Art. 24. A transferência de recursos a título de auxílios, previstos no art. 12, § 6o da Lei Federal no 4.320, de 17 de março de 1964, somente poderá ser realizada para entidades privadas sem fins lucrativos que sejam:

I - de atendimento direto e gratuito ao público e voltadas para a educação básica;

II - para o desenvolvimento de programas voltados a manutenção e preservação do Meio Ambiente;

III - voltadas a ações de saúde e de atendimento direto e gratuito ao público, prestadas por entidades sem fins lucrativos que sejam certificadas como entidades beneficentes de assistência social na área de saúde;

IV - qualificadas como Organização da Sociedade Civil de Interesse Público - OSCIP, com termo de parceria firmada com o Poder Público Municipal, de acordo com a Lei Federal no 9.790/1999, e que participem da execução de programas constantes no plano plurianual, devendo a destinação de recursos guardar conformidade com os objetivos sociais da entidade;

V - qualificadas como Organizações Sociais - OS, com contrato de gestão celebrado com o Poder Público Municipal, de acordo com a Lei Federal no 9.637/1998, para fomento e execução de atividades dirigidas ao ensino, à pesquisa científica, ao desenvolvimento tecnológico, à proteção e preservação do meio ambiente, à cultura e à saúde, de acordo com o programa de trabalho proposto, as metas a serem atingidas e os prazos de execução previstos;

VI - qualificadas para o desenvolvimento de atividades esportivas que contribuam para a formação e capacitação de atletas;

VII - destinada a atender, assegurar e a promover o exercício dos direitos e das liberdades fundamentais por pessoa com deficiência, visando à sua habilitação, reabilitação e integração social e cidadania, nos termos da Lei no 13.146/2015;

VIII - constituídas sob a forma de associações ou cooperativas formadas exclusivamente por pessoas físicas em situação de risco social, reconhecidas pelo poder público como catadores de materiais recicláveis e/ou reutilizáveis, cujas ações estejam contempladas no Plano Municipal de Gerenciamento de Resíduos Sólidos, de que trata a Lei Federal no 12.305/2010, regulamentada pelo Decreto Federal no 7.404/2010; e

IX - voltadas ao atendimento direto e gratuito ao público na área de assistência social que:

a) se destinem a pessoas idosas, crianças e adolescentes em situação de vulnerabilidade social, risco pessoal e social;

b) sejam voltadas ao atendimento de pessoas em situação de vulnerabilidade social, violação de direito ou diretamente alcançadas por programas e ações de combate à pobreza e geração de trabalho e renda;

§ 1o No caso do inciso I, a transferência de recursos públicos deve ser obrigatoriamente justificada e vinculada ao plano de expansão da oferta pública na respectiva etapa e modalidade de educação.

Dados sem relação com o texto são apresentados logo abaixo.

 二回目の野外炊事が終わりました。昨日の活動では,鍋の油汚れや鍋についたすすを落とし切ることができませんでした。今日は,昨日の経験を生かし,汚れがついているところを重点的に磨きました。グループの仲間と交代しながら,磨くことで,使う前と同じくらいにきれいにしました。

§ 2o No caso do inciso IV, as transferências serão efetuadas por meio de termo de parceria, caso em que deverá ser observada a legislação específica pertinente a essas entidades e processo seletivo de ampla divulgação.

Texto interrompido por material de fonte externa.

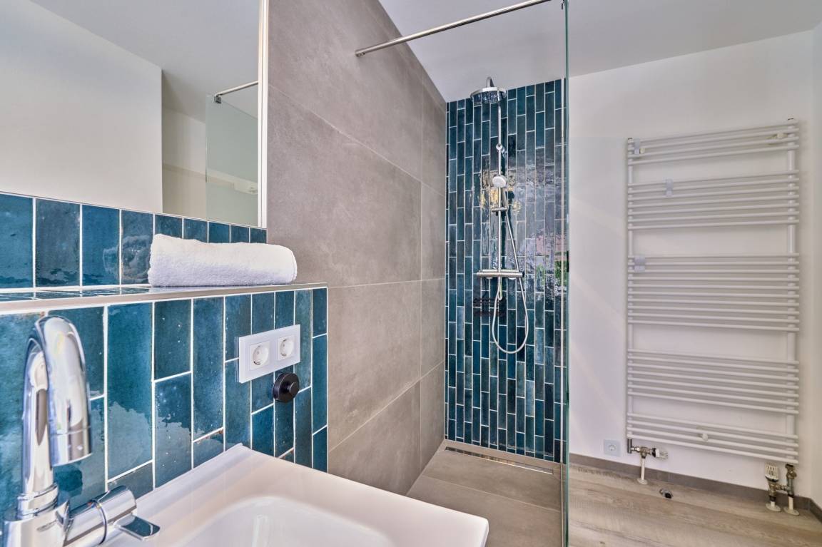 (1,80 x 2,00m) und einem Flachbildfernseher ausgestattet. Von hier erreichen Sie die zweite Terrasse. Ein weiteres Schlafzimmer ist mit einem Doppelbett (1,40 x 2,00m) sowie mit einem TV eingerichtet. Diese Ferienwohnung hat ein großes, tageslichtreiches Bad mit ebenerdiger Dusche und ein separates WC. Im Keller des Hauses befinden sich Waschmaschine und Wäschetrockner, beide sind über einen Münzzähler zu bedienen.

Art. 25. Sem prejuízo das demais disposições contidas nesta Lei, a transferência de recursos prevista na Lei Federal no 4.320/1964, a entidade privada sem fins lucrativos, dependerá ainda de:

I - execução da despesa na modalidade de aplicação “50 - Transferências a Instituições Privadas sem fins lucrativos” e nos elementos de despesa “41 - Contribuições”, “42 - Auxílio” ou “43 - Subvenções Sociais”;

II - estar regularmente constituída, assim considerado:

a) no mínimo 01 (um) ano de existência, com cadastro ativo, comprovados por meio de documentação emitida pela Secretaria da Receita Federal do Brasil, com base no Cadastro Nacional da Pessoa Jurídica - CNPJ, admitida a redução deste prazo por autorização legislativa específica na hipótese de nenhuma pessoa jurídica de direito privado sem fins lucrativos atingi-lo;

b) balanço e demonstrações contábeis complementares do último exercício, com escrituração realizada de acordo com os princípios fundamentais de contabilidade e com as Normas Brasileiras de Contabilidade;

III - ter apresentado as prestações de contas de recursos anteriormente recebidos, nos prazos e condições fixados na legislação e no convênio ou termo de parceria, contrato ou instrumento congênere celebrados;

IV - inexistir prestação de contas rejeitada pela Administração Pública nos últimos 5 (cinco) anos, exceto se a apreciação das contas estiver pendente de decisão sobre recurso com efeito suspensivo, for sanada a irregularidade ou quitados os débitos ou reconsiderada a decisão pela rejeição;

V - não ter como dirigente pessoa que:

a) seja membro de Poder, órgão ou entidade da Administração Pública Municipal, estendendo-se a vedação aos respectivos cônjuges ou companheiros, bem como parentes em linha reta, colateral ou por afinidade, até o segundo grau;

b) incida em quaisquer das hipóteses de inelegibilidade previstas no art. 1o, inciso I, da Lei Complementar no 64, de 18 de maio de 1990;

c) cujas contas relativas a convênios, termos de parcerias, contratos ou instrumentos congêneres tenham sido julgadas irregulares ou rejeitadas por Tribunal ou Conselho de Contas de qualquer esfera da Federação, em decisão irrecorrível, nos últimos 8 (oito) anos;

d) tenha sido julgada responsável por falta grave e inabilitada para o exercício de cargo em comissão ou função de confiança, enquanto durar a inabilitação;

e) tenha sido considerada responsável por ato de improbidade, enquanto durarem os prazos estabelecidos nosincisos I, II e III do art. 12 da Lei no8.429, de 2 de junho de 1992.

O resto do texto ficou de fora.